And I let out a chuckle. “I don’t think anyone would get you to do anything you didn’t want to do just for money.” I don’t remember the last time someone made me laugh spontaneously like that.

“No?” She says, “I go to work every day, don’t I?”

She shouldn’t have to. I could fix that. I drag my head back to the preparations for tonight.

“Anyway. You’ll come.”

“Now, that sounds like a promise,” she almost purrs.

I wonder what she meant by that?

“I don’t suppose you brought a ball gown to work with you?”

“Er… no. I…”

“I’ll send a stylist and a designer with some dresses.”

“Wha—”

I didn’t mean to hang up on her.

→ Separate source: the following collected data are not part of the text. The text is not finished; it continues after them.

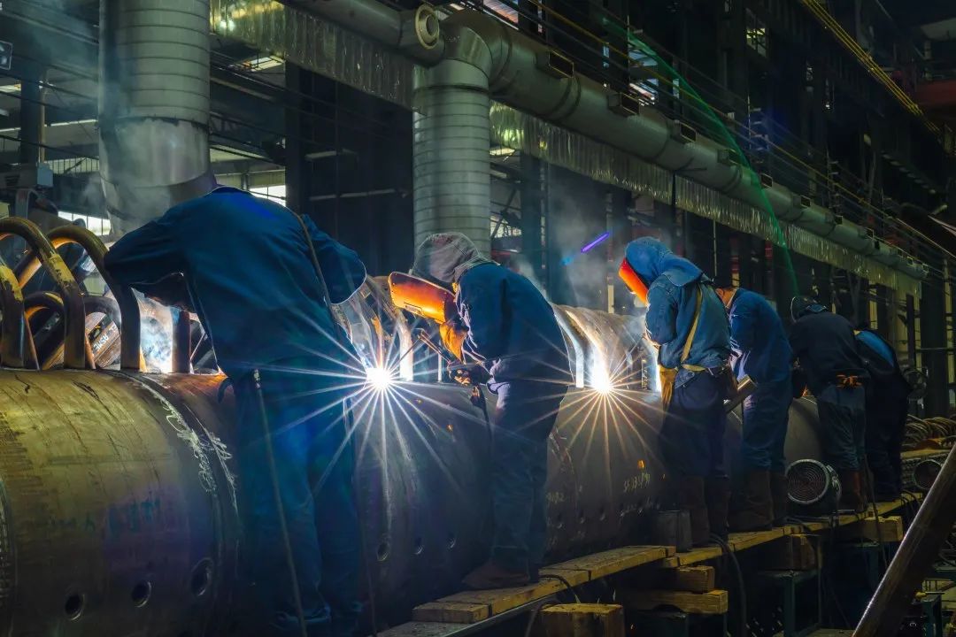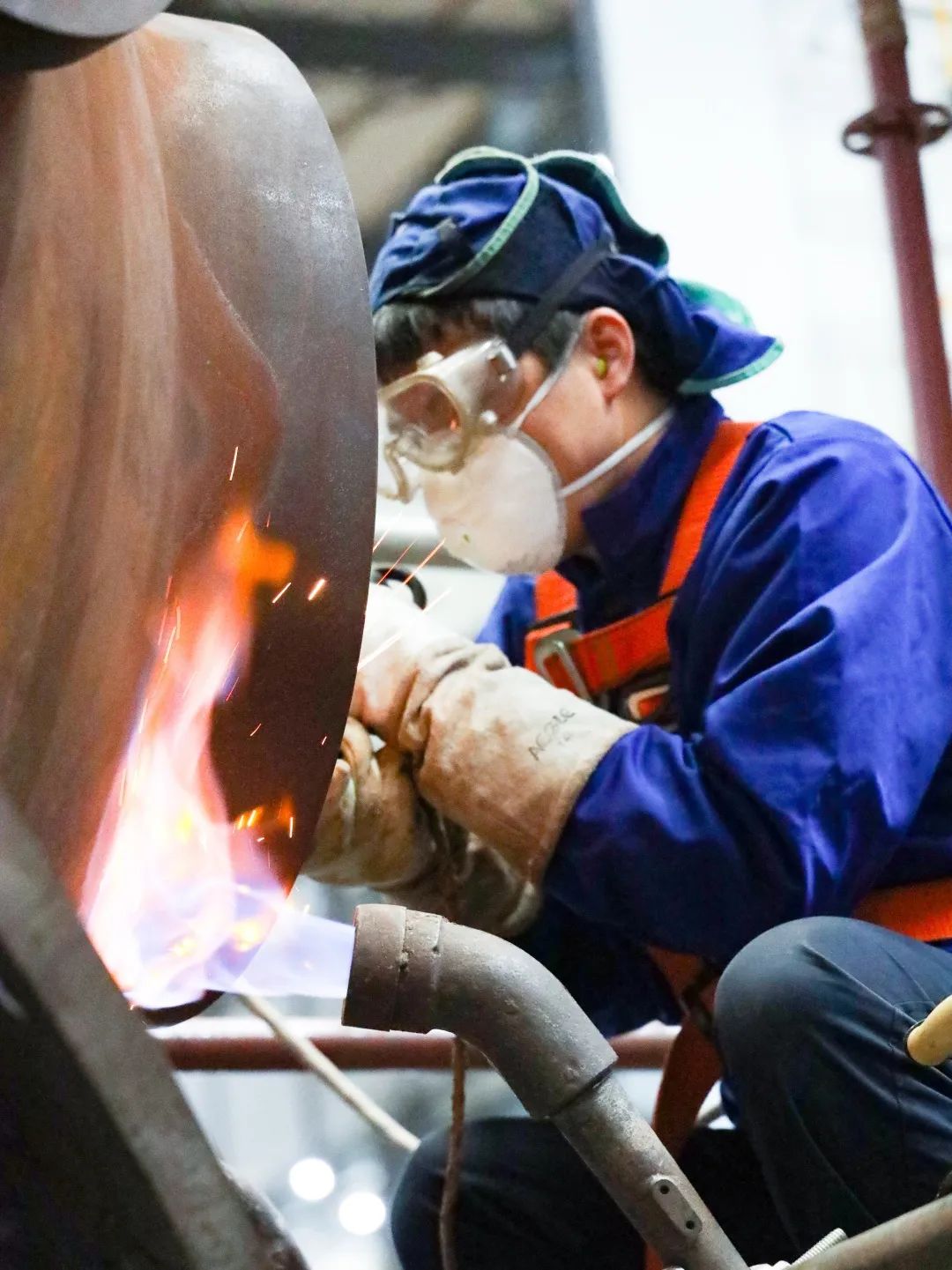 ◆z6尊龙·凯时(中国区)官方网站锅炉联箱轻容车间职工们在炙热的集箱上进行焊接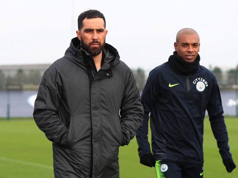 El arquero que fue operado tras su lesión en el tendón de Aquiles izquierdo, fue recibido calurosamente por sus compañeros brasileños Danilo y Fernandinho, quienes le dieron la bienvenida a los entrenamientos.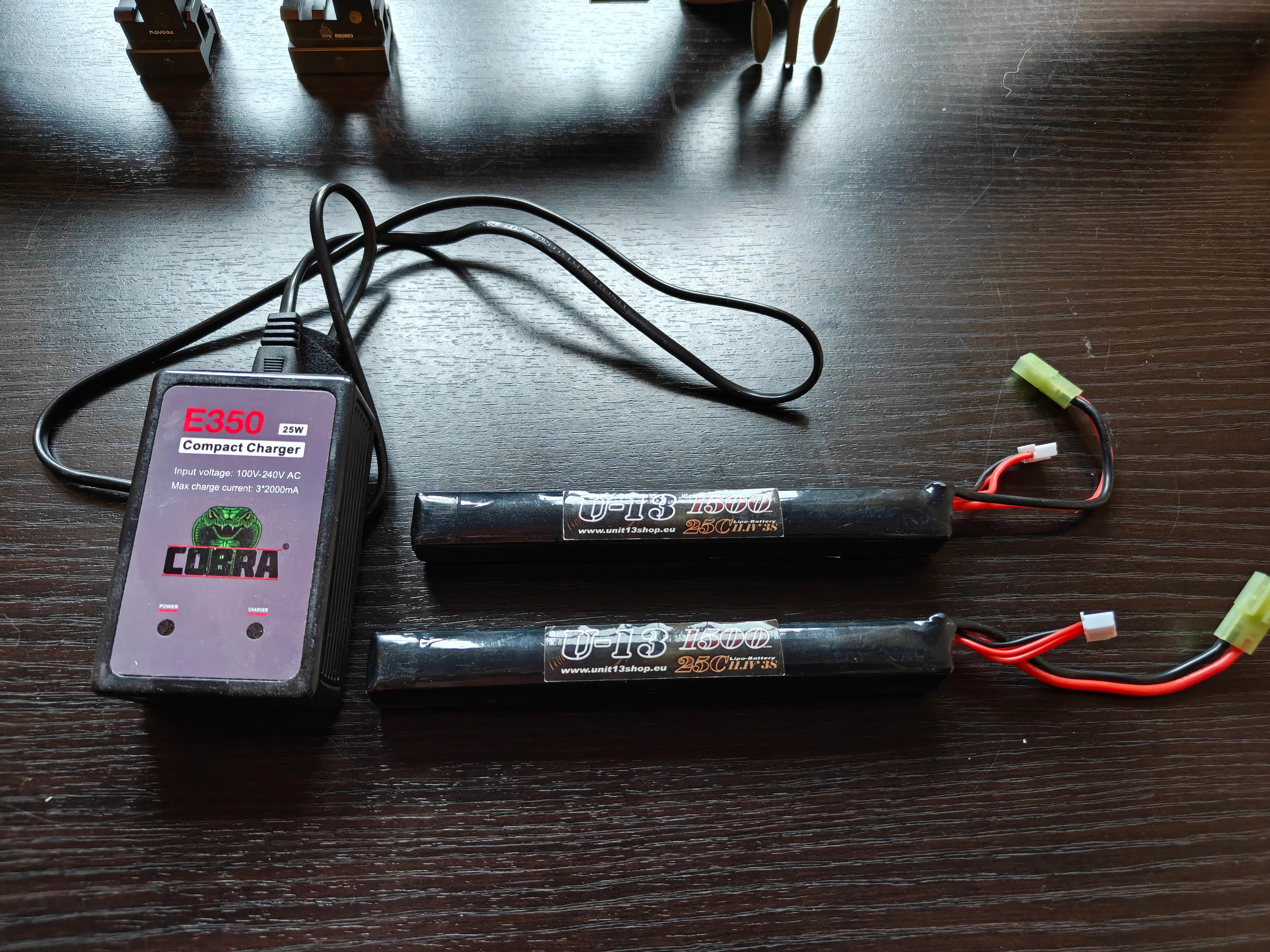 - Power: 2x LiPo batterijen (11.1V, 1500mAh) en Cobra E350 Compact Charger.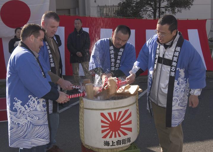 | Keywords: US Navy 051208-N-5686B-002 Command Master Chiefs William Holtz and Tuck WIlliams, along with Japan Maritime Self Defense Force (JMSDS) Chief Petty Officers Zense and Nakanish begin the Kagamiwari during the 19th Annual Mochi Po.jpg en Yokosuka Japan Dec 10 2005 - Commander Fleet Activities Yokosuka Command Master Chief William Holtz and Naval Information Operations Command Command Master Chief Tuck Williams along with Japan Maritime Self Defense Force JMSDS Chief Petty Officers Zense and Nakanish begin the Kagamiwari during the 19th Annual Mochi Pounding Festival held between the JMSDF and Yokosuka area U S Navy Chief Petty Officer Associations Kagamiwari is the ceremonial opening of the sake barrel U S Navy photo By Photographer's Mate 1st Class Crystal Brooks RELEASED 2005-12-10 051208-N-5686B-002 Navy http //www navy mil/view_image asp id 30609 U S Navy photo By Photographer's Mate 1st Class Crystal Brooks United States Fleet Activities Yokosuka Kagami biraki Sake PD-USGov-Military-Navy |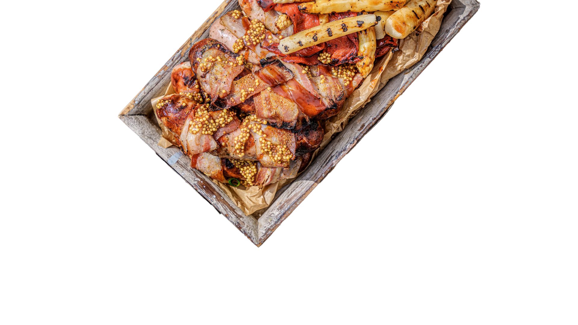 1. Na talerzu ułóż grillowaną polską surową kiełbasę od Bystrego, przykrytą zrumienionym boczkiem.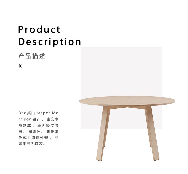 Bac桌由Jasper Morrison设计,由实木灰制成,表面经过漂白、翁染色、胡桃染色或上海蓝处理,或采用开孔漆灰(颜色:云、泥、木兰、橙色、灰绿色或中国蓝)。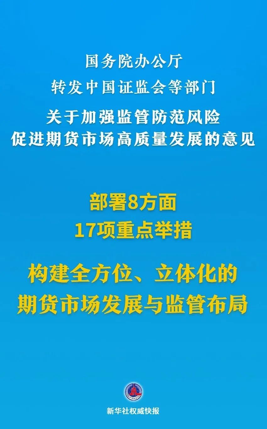 日前,国务院办公厅转发中国证监会等部门《关于加强监管防范风险促进期货市场高质量发展的意见》。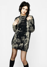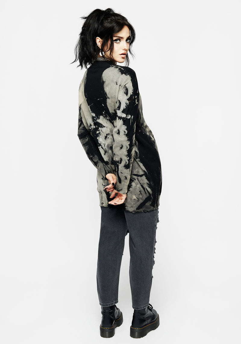 - Black & grey acid-washed embroidered jumper

But I was finished.

It will be good to have her on hand. I hope she can be trusted to behave herself, though.

She seems like she could be frivolous.

Chapter Three

India

Her

How dare he just call up like that and tell me that I’m to spend tonight at a formal ball. No, ‘would you like to,’ or, ‘did you have plans?’

“Ben, you can put your eyeballs back in their sockets.”

“The Governor’s Ball?”

“It’s a ball. Apparently. And it’s at the Governor’s Mansion.”

“Well, unless there are two balls in the same place,” he swivels his hips, “they tend to be massive balls, from what one reads. So that would be the annual high point of the social calendar, the most high-toned and prestigious event…”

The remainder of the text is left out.